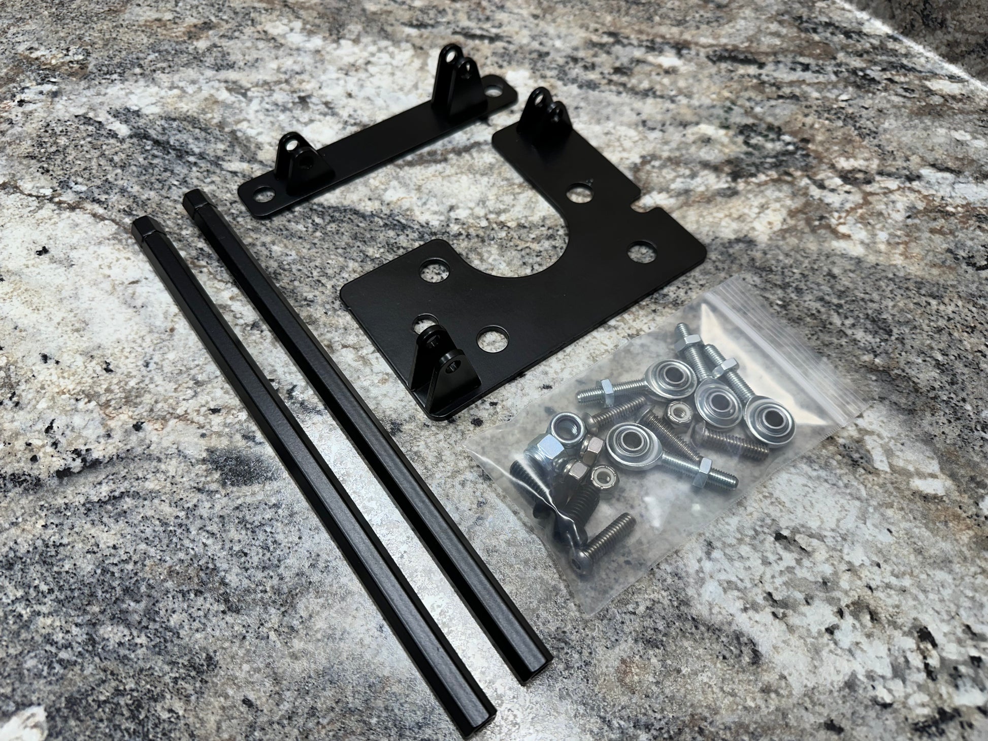 This kit includes four products designed and used by KruseBuilt:  The Export Brace, the Monte Carlo Bar, the Brake Master Cylinder Support, and the Front Crossmember.
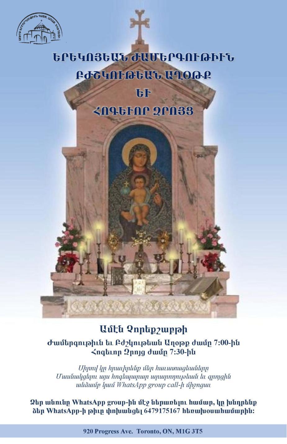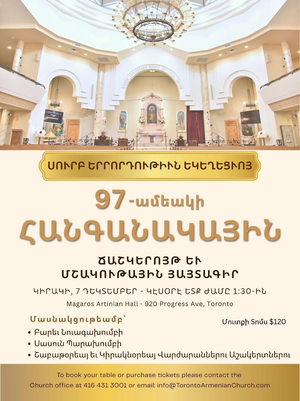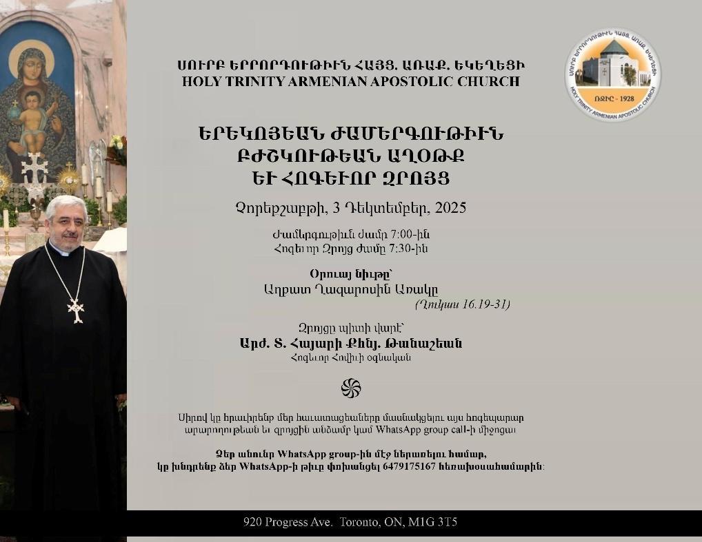920 Progress Ave. Toronto, ON, M1G 3T5 Tel: 416 431 3001 www.TorontoArmenianChurch.com info@TorontoArmenianChurch.com @TorontoArmenianChurch.com
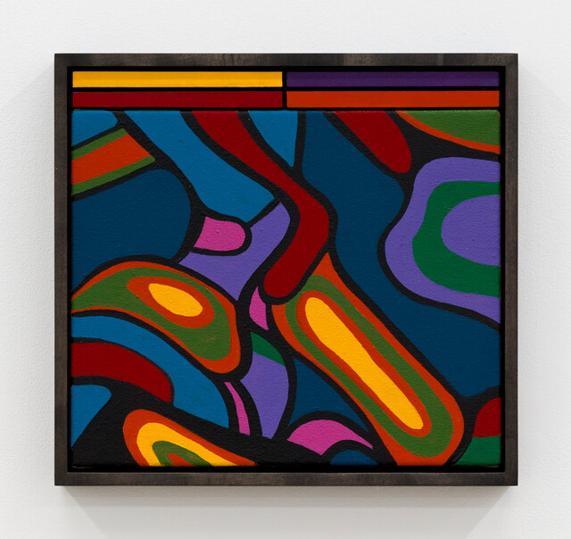 Acrylic on canvas with painted panels, 11 × 12 in.
^^^^
### What is being asked:
Copy the lines above exactly. Do not include pictures.

### Task output:
 This kit includes four products designed and used by KruseBuilt:  The Export Brace, the Monte Carlo Bar, the Brake Master Cylinder Support, and the Front Crossmember.
920 Progress Ave. Toronto, ON, M1G 3T5 Tel: 416 431 3001 www.TorontoArmenianChurch.com info@TorontoArmenianChurch.com @TorontoArmenianChurch.com
 Acrylic on canvas with painted panels, 11 × 12 in.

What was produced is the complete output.